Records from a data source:
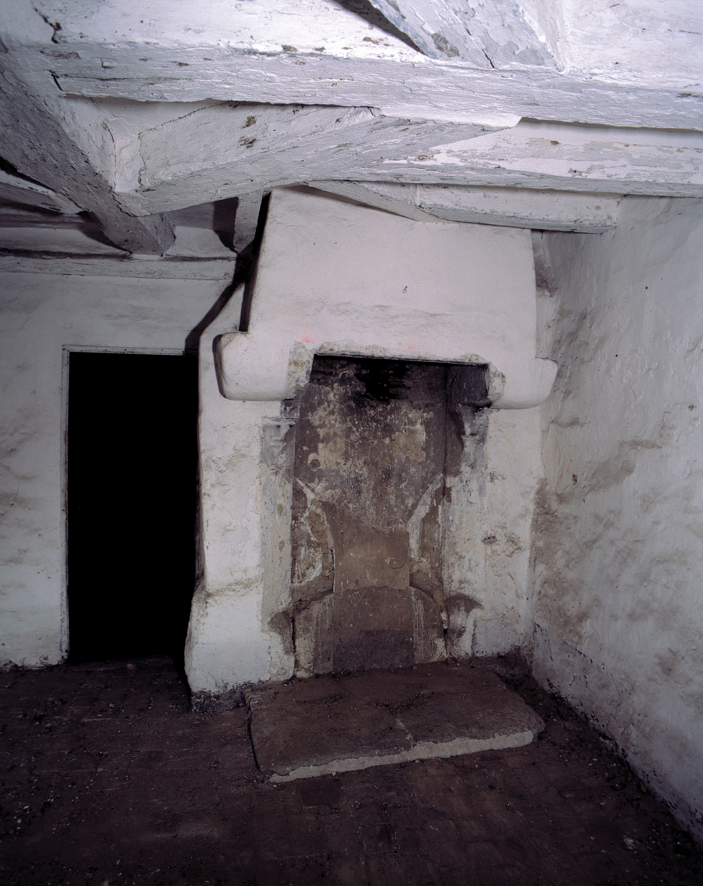 Chambre haute de la tour, cheminée et porte nord.Immatriculation
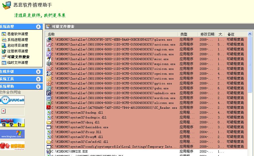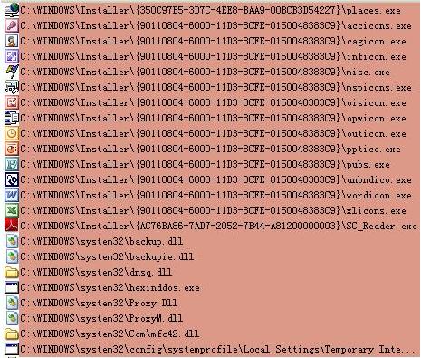 这是我用恶意软件清理助手扫描的结果,其中最后一个的全称是“C:\WINDOWS\system32\config\systemprofile\Local Settings\Temporary Internet Files\Content.IE5\KWEAGVHR\hexinddos[1].exe
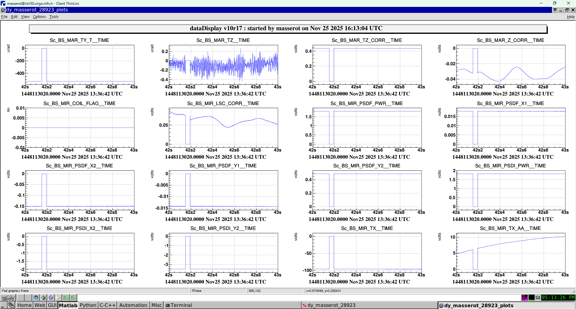 Today, at around 13.42UTC, once in LN3 we moved back the PR_X to reduce BPC corrections. TY corrections reduced as expected, nevertheless they may require an additional PR movement in order to bring them in a safer region.
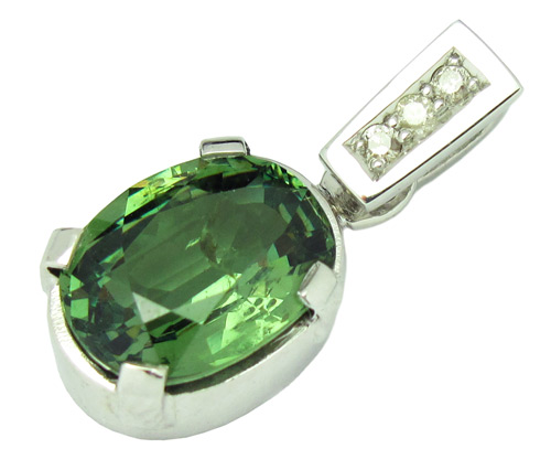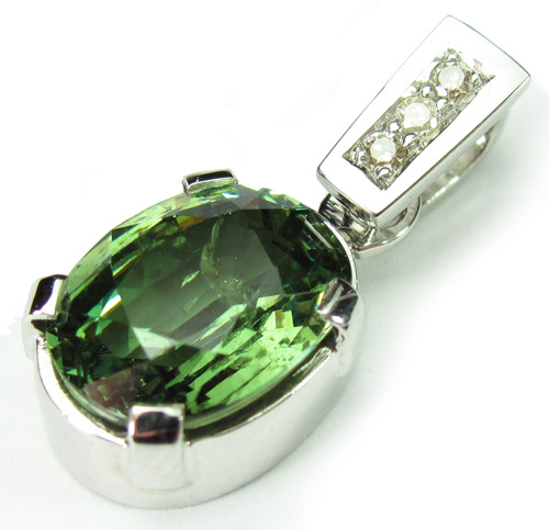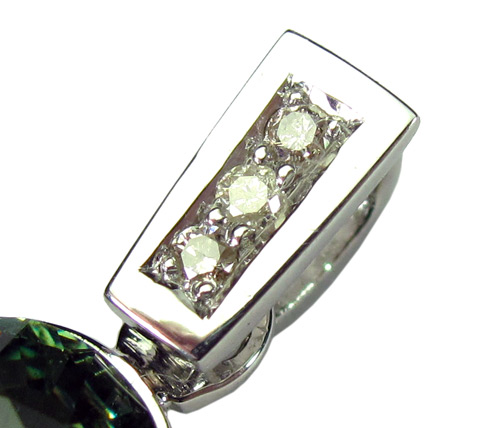 Вашему вниманию предлагается авторская работа — кулон из белого золота 750 пробы с изумительным демантоидом! Петля кулона украшена тремя бриллиантами диаметром 1,5 мм. Размеры кулона с петлей 19,5 х 8,5 х 5,5 мм. Вес изделия 2,63 г.
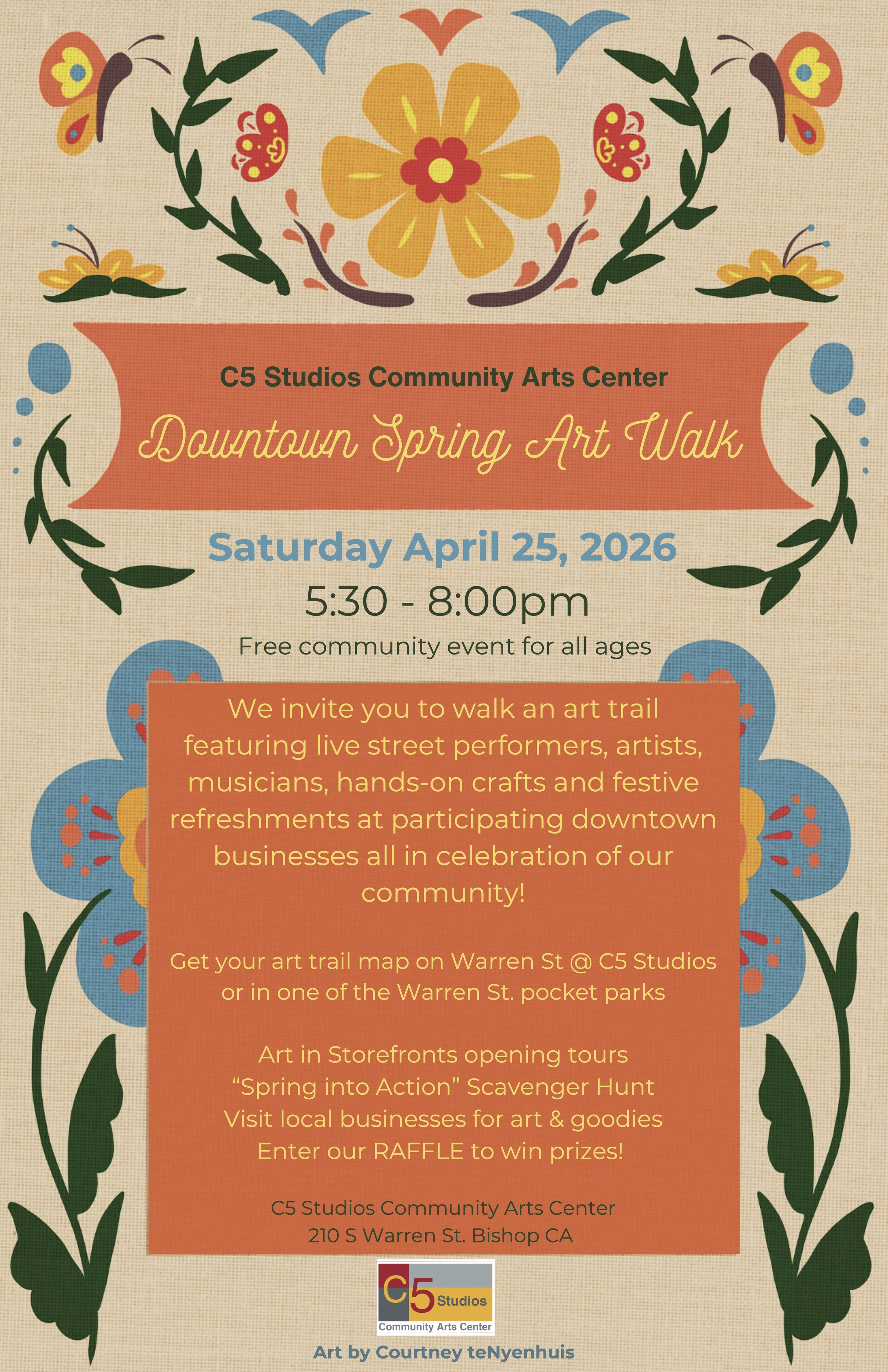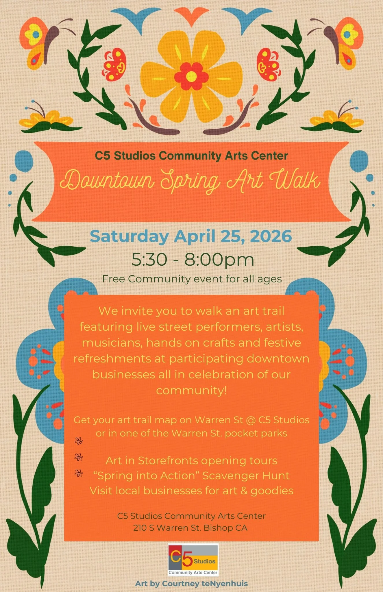 C5 Studios Community Arts Center is a creative hub in Bishop, California that aims to be an inspirational home for creative practice and culture, bringing a vibrant, contemporary arts experience to the region.
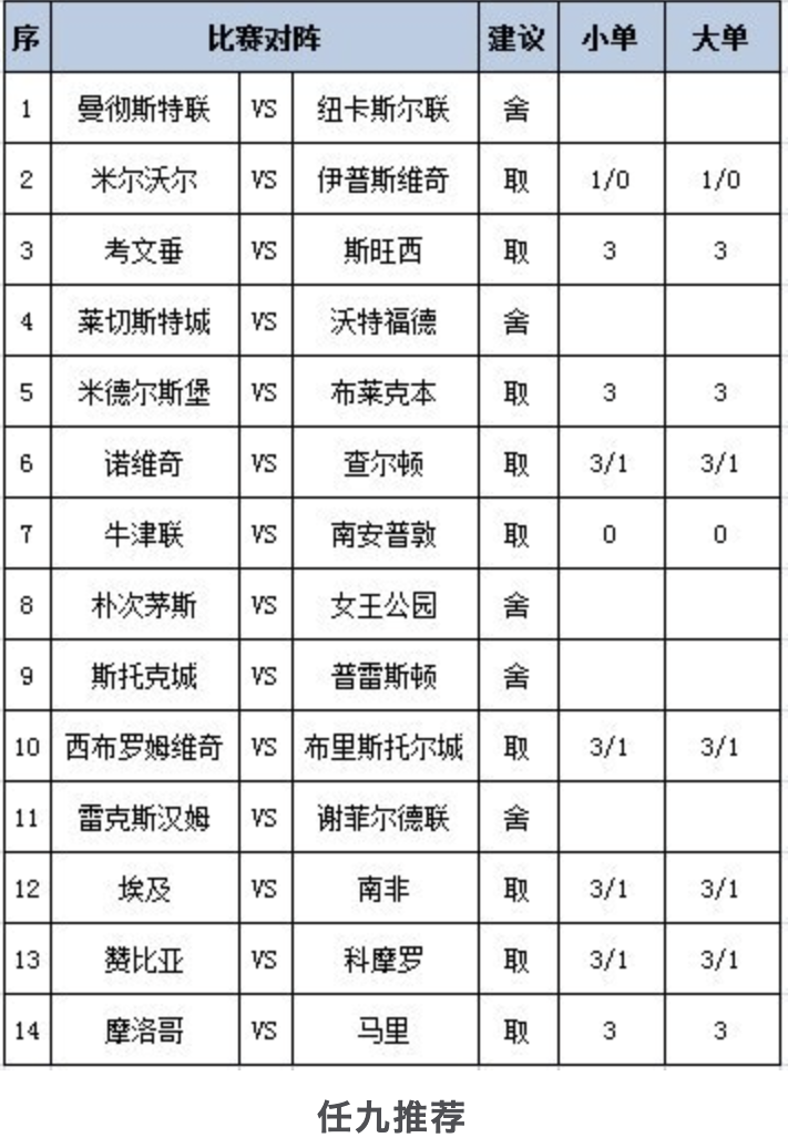 本期任九在1场英超+10场英冠+3场非洲杯的基础上舍弃了几场让步较浅的比赛:曼联上场在联赛中客场1-2不敌维拉,结束了自己连续4场不败的走势,状态回落,此役主场面对上场在联赛中主场2-2战平切尔西,最近4场各项赛事只赢下1场,发挥不足的纽卡,机构给出在平手的让步幅度,对于两队都没有倾斜,此役舍弃。

WHAT IS EXPECTED :: When you transcribe the entries above, begin at their first line, end with the line containing "Today, at around", and copy each line exactly without any picture.

EXPECTED OUTPUT ::
 Chambre haute de la tour, cheminée et porte nord.Immatriculation
 这是我用恶意软件清理助手扫描的结果,其中最后一个的全称是“C:\WINDOWS\system32\config\systemprofile\Local Settings\Temporary Internet Files\Content.IE5\KWEAGVHR\hexinddos[1].exe
 Today, at around 13.42UTC, once in LN3 we moved back the PR_X to reduce BPC corrections. TY corrections reduced as expected, nevertheless they may require an additional PR movement in order to bring them in a safer region.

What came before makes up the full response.